All I can say is the western world especially Uk most guys shave it and don't give a fu*k. The Chinese however take pride in their appearance, nice skin, features and especially hair. Chinese are know for their beautifull hair and skin, but these days somehow they are balding, blaming the western diet etc. I reckon they care more about their hair than any western country, hence why I can see them being more desperate for a cure.

----------


## hellouser

> All I can say is the western world especially Uk most guys shave it and don't give a fu*k. The Chinese however take pride in their appearance, nice skin, features and especially hair. Chinese are know for their beautifull hair and skin, but these days somehow they are balding, blaming the western diet etc. I reckon they care more about their hair than any western country, hence why I can see them being more desperate for a cure.


 Good, the faster they come out with a commercial product, the faster we can fly our bald heads to china and dump some serious cash into their economy.

I'll stay longer and do some touring while im there too, so they'd kill two birds with one stone.

----------


## DesperateOne

The trials really shouldn't take that long as well, which is a good thing. There is no placebo test or anything. I would like it to be a trial with people with different color hair, see how they respond. Transplant the hair and in 4 months, bam, hair retries all nice. The only problem I can see is the so called hairloss shock after a transplant.

----------


## nameless

> Well keep in mind that:
> 1) Tsuji labs already proved that this is the last step
> 2) Jahoda grew hair on human skin, but his method needed improvement to retain gene expression
> 3) These Chinese solved that last part.
> 4) That Taiwanese group is starting *clinical* trails with 3d cultured DP cells NOW, you can bet that they take info like this into account.
> 
> So the future does look bright. Very bright indeed !


 Arishi, I see where you're going with Items 1 - 4 and I hope you're right that the Taiwanese group takes this new info into account. And how do you think this new info will play in combination with the other recent information coming out of the University of Pennsylvania team with Cotseralis? Here is that information:

http://www.sciencecodex.com/converti...m_cells-126870

Does all this information combined equal a cure for hair loss and are the Taiwanese paying attention to this new information? If they aren't noticing this new information perhaps it would be a good if we informed them about all of these new recent events so they could incorporate all of the new information into their studies?????

----------


## nameless

> Poor tonypizza... underestimating the power of "if", when he refuses to submit himself to Dr. Nigam's experiments... among a wealth of other "unapproved treatments". I doubt nobody is going to get a free pass, unless there are many women in jarjarland who find mental illness appealing.

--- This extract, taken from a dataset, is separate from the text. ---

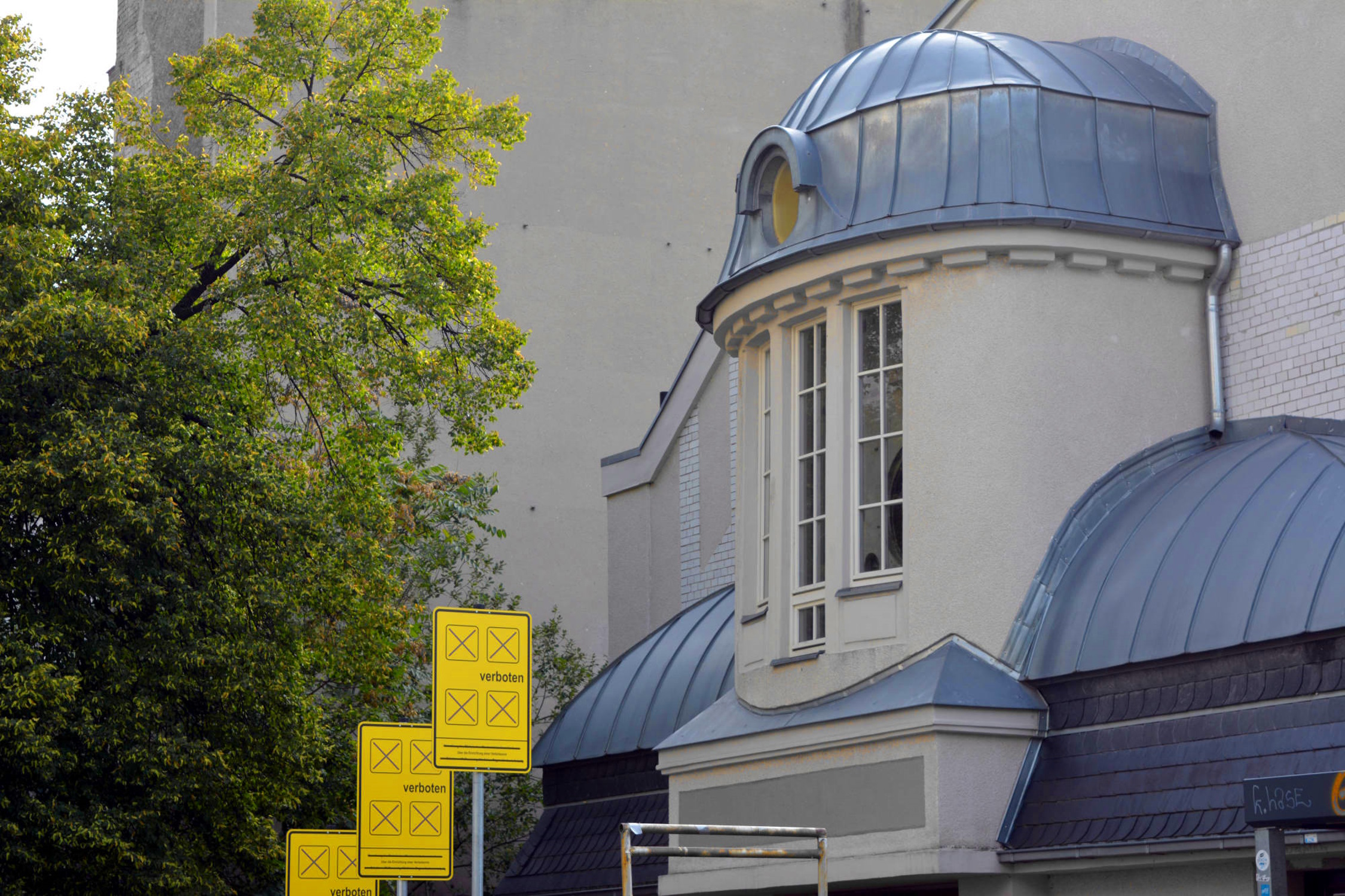 So war beispielsweise selbst das Mitführen eines schweren Buches verboten. Wir wollten dies alles zugespitzt in die Öffentlichkeit zurückspiegeln, deswegen haben wir die Bildsprache der Schilder bis auf das Wesentlichste entleert und im Vorhof des Ost-Passage Theaters aufgestellt, die Internetseite der Verbotszone nachgestellt und unsere eigene Version des Eröffnungsaktes medienwirksam in einem TV-Beitrag platziert“, erklärt Felix Almes das künstlerische Konzept der drei überhohen gelben Verboten-Schilder auf dem Vorhof des Ost-Passage Theaters, die man schon von weitem sehen kann.

 At least I have a mental capacity. You have none.

----------


## nameless

> On the other hand, maybe it's just that his brain cells are severely minituarized. So there will be plenty of options for him in the competition of women, when Dr. Nigam is finally able to photoshop hair on his head.


 If a breakthrough is announced and Nigam starts using it then I will wait to see if he has success and if he does I'll be flying to get the treatment unless other options become available. You can stay bald and marry your hand.

----------


## nameless

If a cell-based breakthrough is announced soon what are our options to get the treatment?  The way I see it there are two options:

1. Wait 6 - 8 years for the treatment to come to main markets.

2. Press Nigam to incorporate the new information, get him to test the new treatment, and if he proves he can follow the script then we could get treatment from him within a year or so. 

If anybody else can think of any other options I would like to see those other options. If all posters do is attack and insult I'll report the attack/insult posts to the moderator(s) and ignore them because if all a poster does is attack/insult that means it's obvious he doesn't have another option so his post is in effect an endorsement of option #1 - waiting 6 - 8 years for it to get to main markets.

----------


## Thinning@30

No one should believe a word Nigam says after everything that has happened.  He was caught posting fake pics and offered us a ridiculous explanation.  Forum members traveled to India for procedures with him and have nothing to show for it but a messed up donor region and a much lighter pocketbook. He injected people with animal serum!!!  And let's not even get into all that shadiness involving the weight loss business and the rival HT doctor.  If the Indian police are having trouble finding Nigam at least now they know where he'll be in April.

I'm shocked that Nigam is speaking at the conference.  I can only imagine that they didn't do much vetting of speakers.  Sadly, scientific fraud is all too common, and sometimes even the most respectable scientists have trouble recognizing it.  Just look at what happened with the Japanese scientist who published an amazing breakthrough involving stem cells and then retracted it.  She even got published in the journal Nature.

It is too bad the conference is being held in Korea.  It would be great if Tom or one of Nigam's other "patients" could attend and present themselves as a case study!  I would love to see that guy exposed for what he is.

----------


## nameless

To everyone reading this post consider that at least I have the guts to put forth my thoughts.  My thoughts are that if a breakthrough is announced then we will have 2 basic options:

1. Wait 6 - 8 years for it to hit the regular market.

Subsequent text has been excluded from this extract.